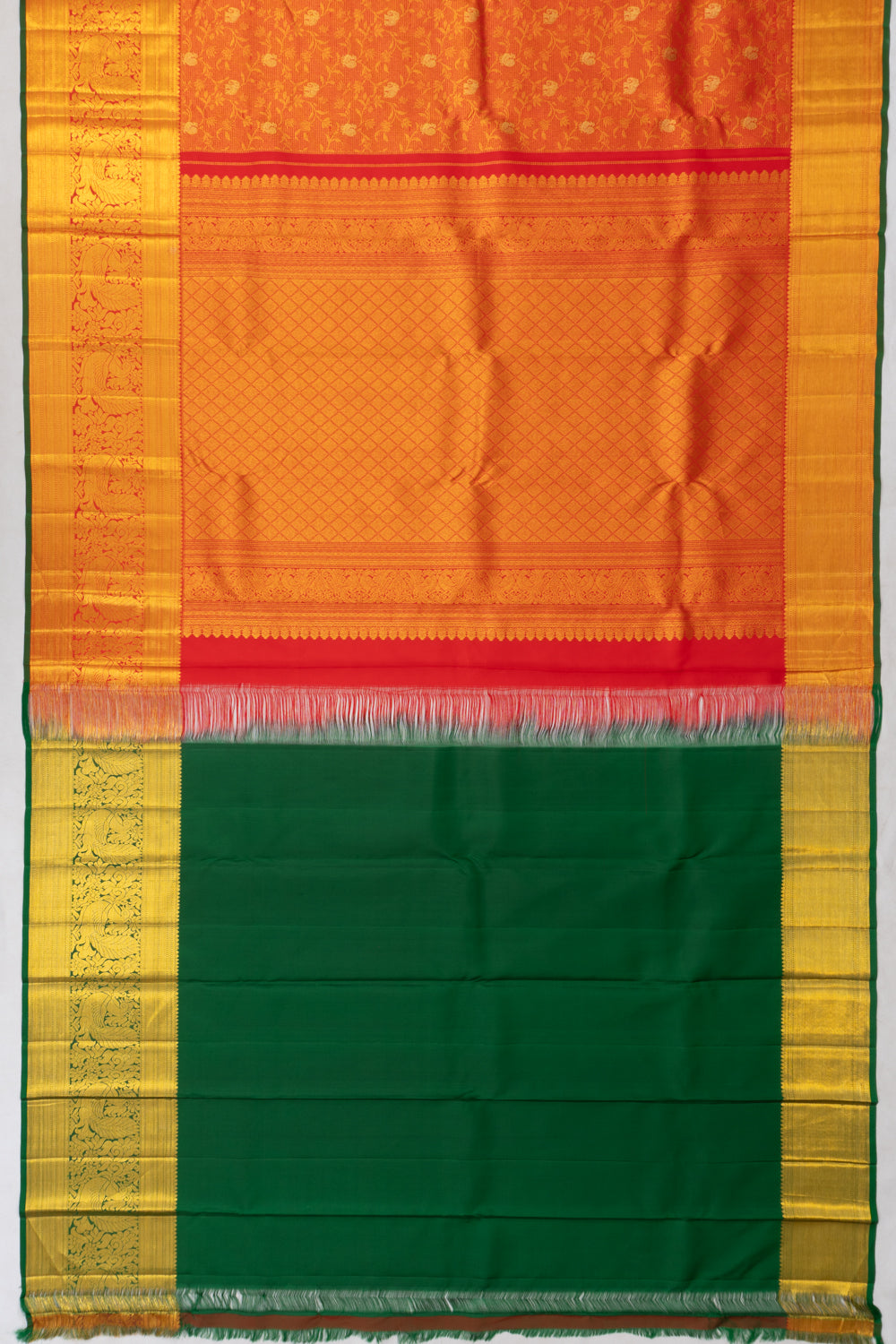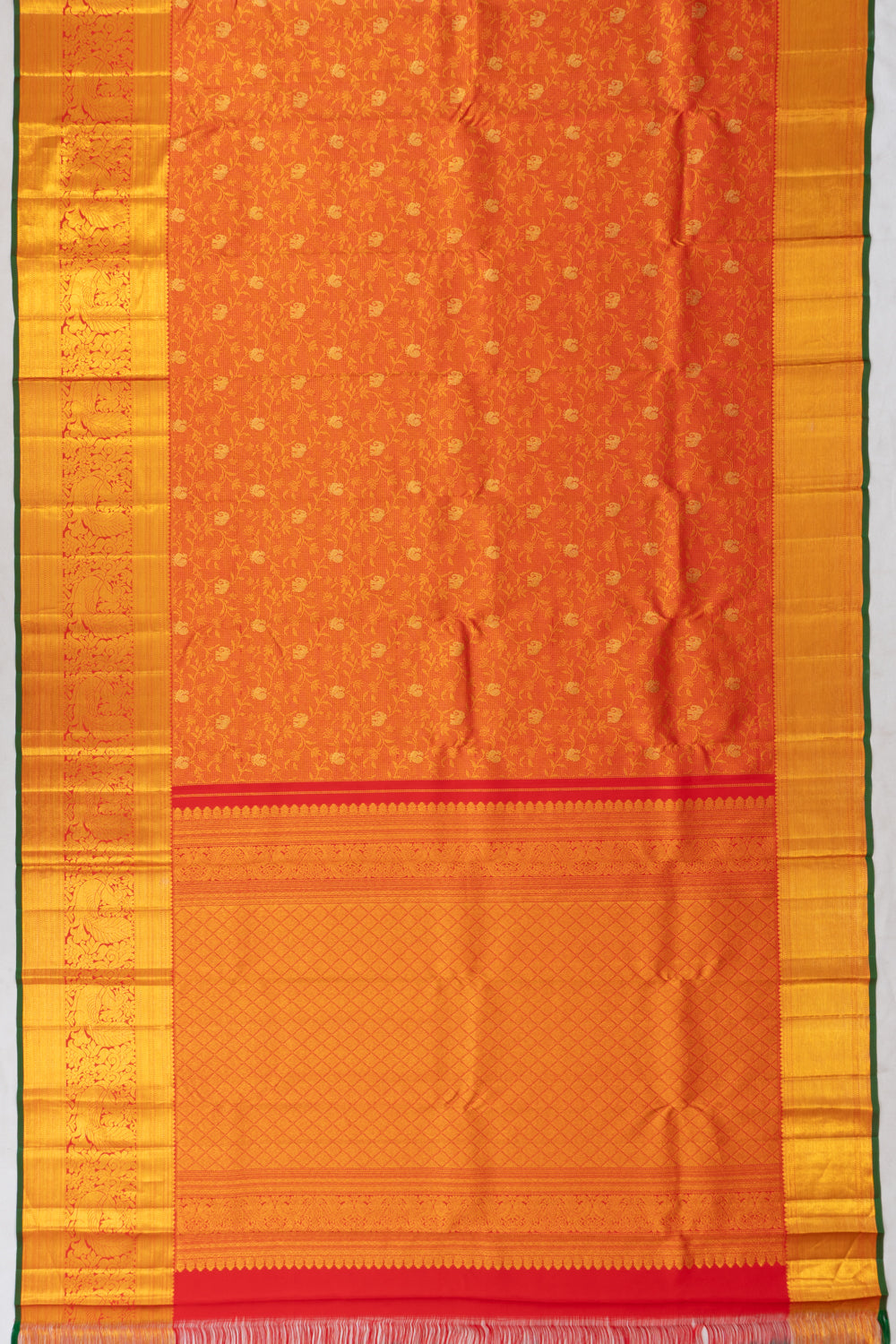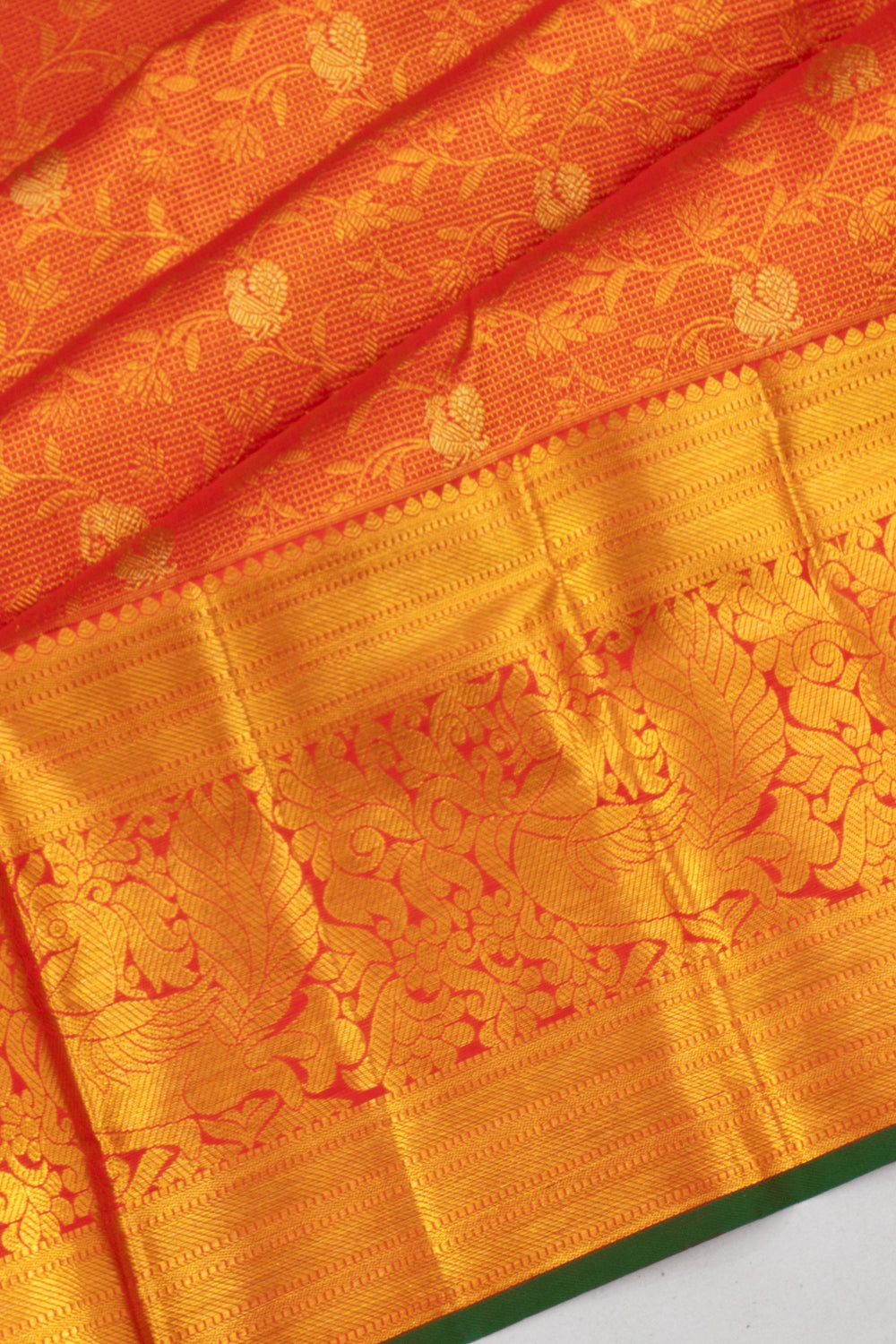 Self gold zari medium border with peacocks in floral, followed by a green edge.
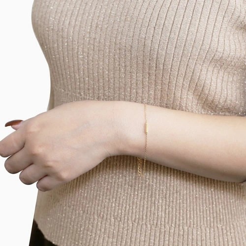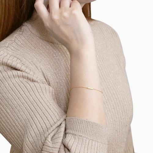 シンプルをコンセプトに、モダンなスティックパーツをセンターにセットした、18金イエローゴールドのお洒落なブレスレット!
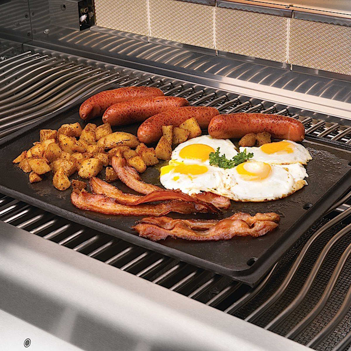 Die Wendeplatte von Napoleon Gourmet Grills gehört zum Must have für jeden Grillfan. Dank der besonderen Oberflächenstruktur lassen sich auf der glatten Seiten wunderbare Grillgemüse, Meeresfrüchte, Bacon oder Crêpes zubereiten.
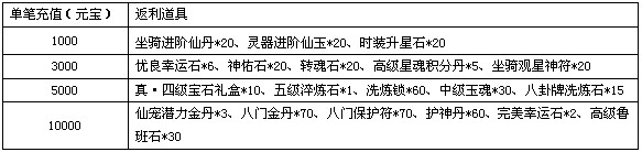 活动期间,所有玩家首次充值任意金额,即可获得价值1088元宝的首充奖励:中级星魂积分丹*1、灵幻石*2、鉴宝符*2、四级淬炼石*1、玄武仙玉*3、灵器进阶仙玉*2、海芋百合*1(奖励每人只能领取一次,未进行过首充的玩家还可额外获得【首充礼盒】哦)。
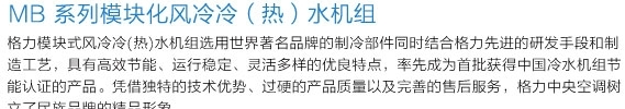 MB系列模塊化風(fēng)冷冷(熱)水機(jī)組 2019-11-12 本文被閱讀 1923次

...

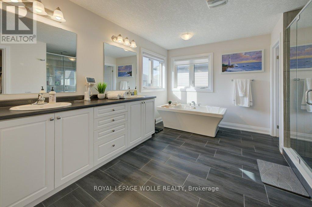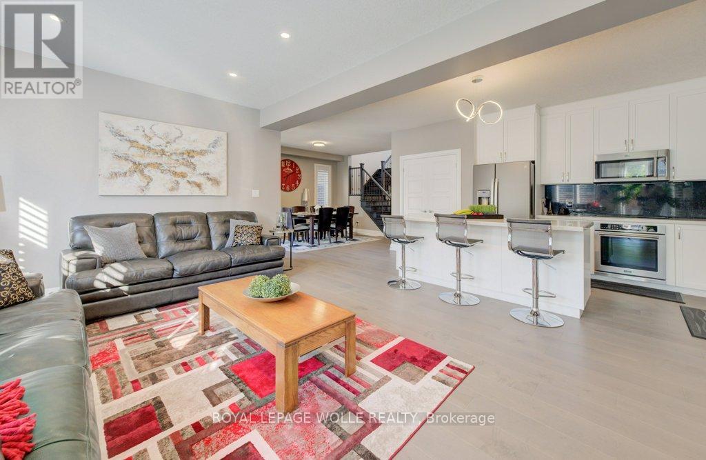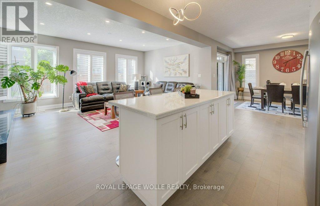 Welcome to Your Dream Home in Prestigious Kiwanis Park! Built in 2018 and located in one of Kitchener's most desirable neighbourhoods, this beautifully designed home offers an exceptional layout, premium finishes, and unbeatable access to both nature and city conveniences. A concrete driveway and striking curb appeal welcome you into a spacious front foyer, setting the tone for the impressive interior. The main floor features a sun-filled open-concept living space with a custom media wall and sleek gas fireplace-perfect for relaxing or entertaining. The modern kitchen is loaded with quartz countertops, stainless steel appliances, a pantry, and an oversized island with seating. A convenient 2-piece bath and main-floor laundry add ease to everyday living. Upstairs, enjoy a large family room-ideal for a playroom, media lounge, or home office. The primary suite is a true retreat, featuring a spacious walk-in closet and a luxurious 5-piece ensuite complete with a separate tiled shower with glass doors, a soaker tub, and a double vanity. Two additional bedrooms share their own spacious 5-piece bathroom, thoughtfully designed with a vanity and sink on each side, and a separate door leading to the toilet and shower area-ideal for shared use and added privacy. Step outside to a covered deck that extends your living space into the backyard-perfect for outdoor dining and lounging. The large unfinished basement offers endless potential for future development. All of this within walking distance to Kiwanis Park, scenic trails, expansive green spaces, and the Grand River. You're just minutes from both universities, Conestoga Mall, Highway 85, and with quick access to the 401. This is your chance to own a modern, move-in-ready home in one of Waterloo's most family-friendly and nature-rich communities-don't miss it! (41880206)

### Exercise objective
Reproduce exactly the lines of the data above that run from the line with "Die Wendeplatte von" down to the line with "MB系列模塊化風(fēng)冷冷(熱)水機(jī)組 2019-11-12 本文被閱讀", both ends included. Pictures do not belong in the copy.

### Solution for this problem
 Die Wendeplatte von Napoleon Gourmet Grills gehört zum Must have für jeden Grillfan. Dank der besonderen Oberflächenstruktur lassen sich auf der glatten Seiten wunderbare Grillgemüse, Meeresfrüchte, Bacon oder Crêpes zubereiten.
 活动期间,所有玩家首次充值任意金额,即可获得价值1088元宝的首充奖励:中级星魂积分丹*1、灵幻石*2、鉴宝符*2、四级淬炼石*1、玄武仙玉*3、灵器进阶仙玉*2、海芋百合*1(奖励每人只能领取一次,未进行过首充的玩家还可额外获得【首充礼盒】哦)。
 MB系列模塊化風(fēng)冷冷(熱)水機(jī)組 2019-11-12 本文被閱讀 1923次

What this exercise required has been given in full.